On Thu, Sep 27, 2018 at 3:51 PM Cloherty, Sean E <scloherty at mitre.org> wrote:
>
> Hello Victor -
>
> I am not sure if the actual fault messages came across in my previous email. Below is what I've got from syslog - (apologies if the tabs and spaces mess up the faux table).  No core dump so I've gone back and reverted the two test servers to the settings that they had when they faulted, enabled.  Now I need to puzzle through enabling cored dumps on CentOS 7.
>
> TIME                    HOST                    SURICATA        SEGFAULT
> 9/25/2018 18:26 production host #1      4.04     kernel: W#14-ens1f1[29348]: segfault at 0 ip 0000000000597207 sp 00007f918b7fbef0 error 4 in suricata[400000+256000]

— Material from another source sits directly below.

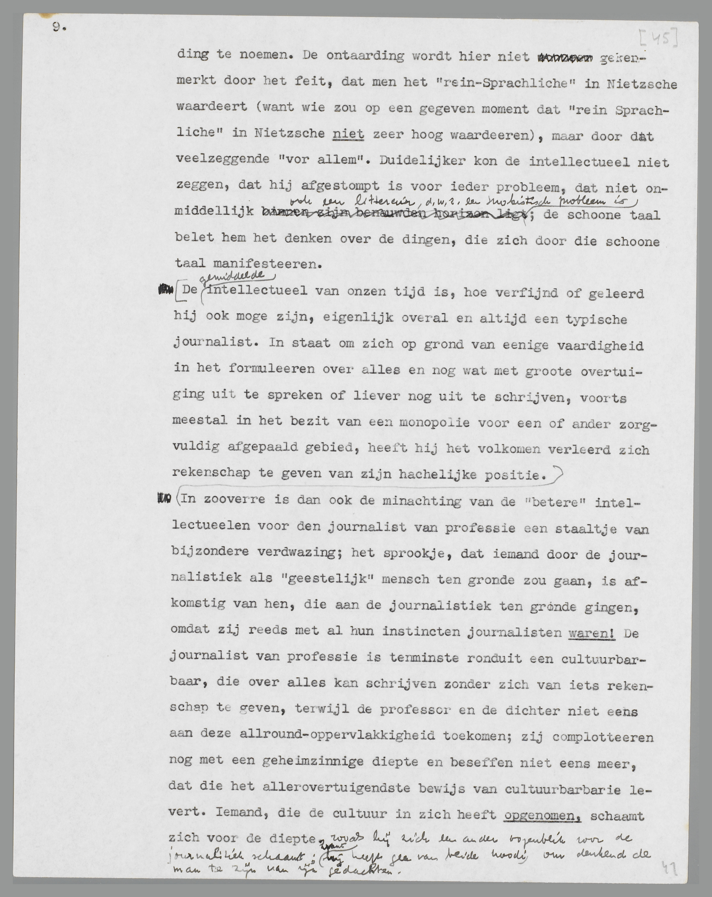 De gemiddelde intellectueel van dezen tijd is, hoe verfijnd of geleerd hij ook moge zijn, eigenlijk doorgaans een typische journalist. In staat om zich op grond van eenige vaardigheid in het formuleeren over alles en nog wat met groote overtuigingskracht uit te spreken of uit te schrijven, voorts meestal in het bezit van een monopolie voor een of ander zorgvuldig afgepaald gebied, heeft hij het volkomen ver-

> 9/25/2018 18:26 test-host #1            4.1rc1   kernel: W#03-ens1f1[24471]: segfault at 0 ip 00000000005b7787 sp 00007f6650b27cb0 error 4 in suricata[400000+28c000]

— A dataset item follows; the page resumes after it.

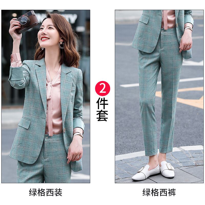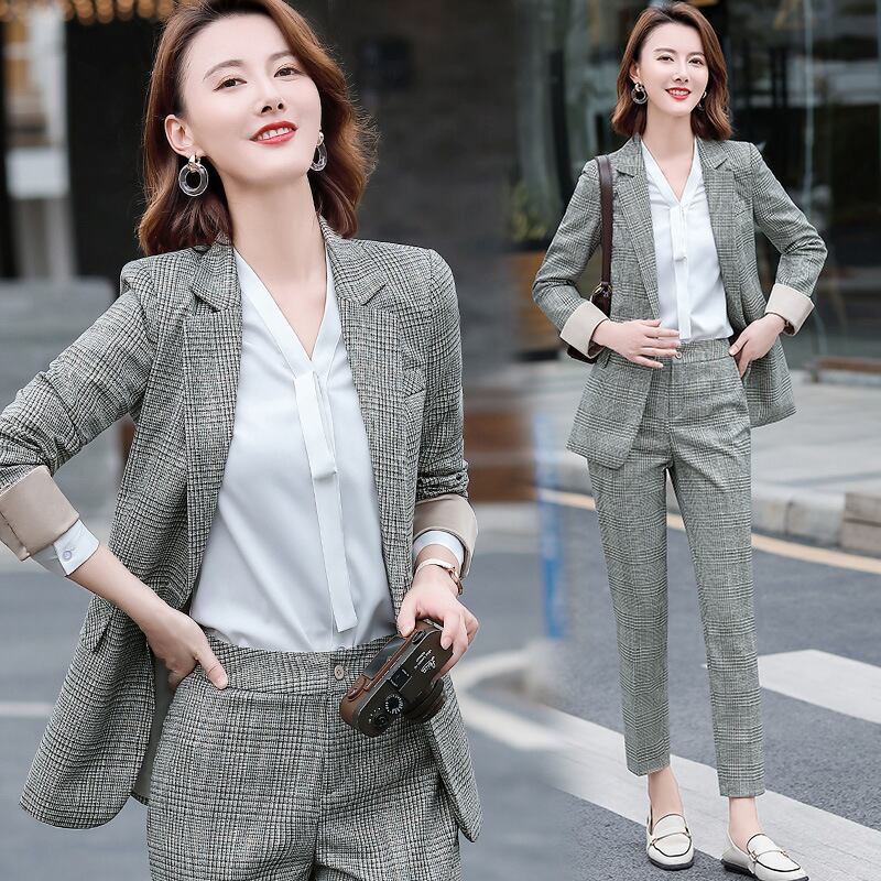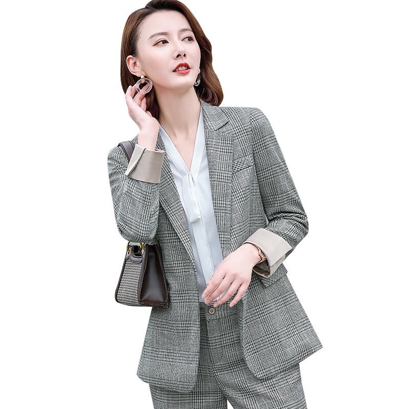 【新作】【送料無料】 グレーのチェック柄長袖スーツパンツレディース2020秋冬新作ホワイトカラーインタビュー大学生スーツツーピーススーツ-アリババ ロング オータム 秋物 ウィンター 冬物 12b335772674803

> 9/25/2018 18:26 production host #3      4.04     kernel: W#06-ens1f1[24268]: segfault at 0 ip 0000000000597207 sp 00007f3a077fbef0 error 4 in suricata[400000+256000]
> 9/25/2018 18:26 test-host #2            4.05     kernel: W#01-ens1f1[4720]: segfault at 0 ip 000000000059b557 sp 00007efc6e69cde0 error 4 in suricata[400000+265000]

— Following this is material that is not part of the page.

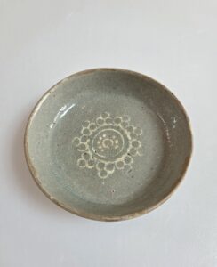 조선시대 14~15세기경에 만들어진 분청사기 백상감 국화문 접시입니다

> 9/25/2018 18:27 test-host #2            4.05     kernel: W#07-ens1f1[4406]: segfault at 0 ip 000000000059b557 sp 00007fc4c2504de0 error 4 in suricata[400000+265000]
>

Sorry to jump in  - just though as an option -  since you have   test
host in the mix with 4.1rc1 you could compile with debugging enabled and get a useful coredump for investigation (whenever/if happens again).
https://redmine.openinfosecfoundation.org/projects/suricata/wiki/Reporting_Bugs
Basically if you can add ->  CFLAGS="-ggdb -O0"
to your config line.

Thanks

> -----Original Message-----
> From: Oisf-users <oisf-users-bounces at lists.openinfosecfoundation.org> 
> On Behalf Of Victor Julien
> Sent: Thursday, September 27, 2018 1:23 AM
> To: oisf-users at lists.openinfosecfoundation.org
> Subject: Re: [Oisf-users] Suffering Simultaneous Suricata Segfaults
>
> On 26-09-18 18:55, Cloherty, Sean E wrote:
> > I was troubleshooting instances of Suricata being down on multiple 
> > hosts and I found that 2 production hosts running 4.04 and 2 test 
> > hosts running 4.05 and 4.1rc1 faulted at roughly the same time.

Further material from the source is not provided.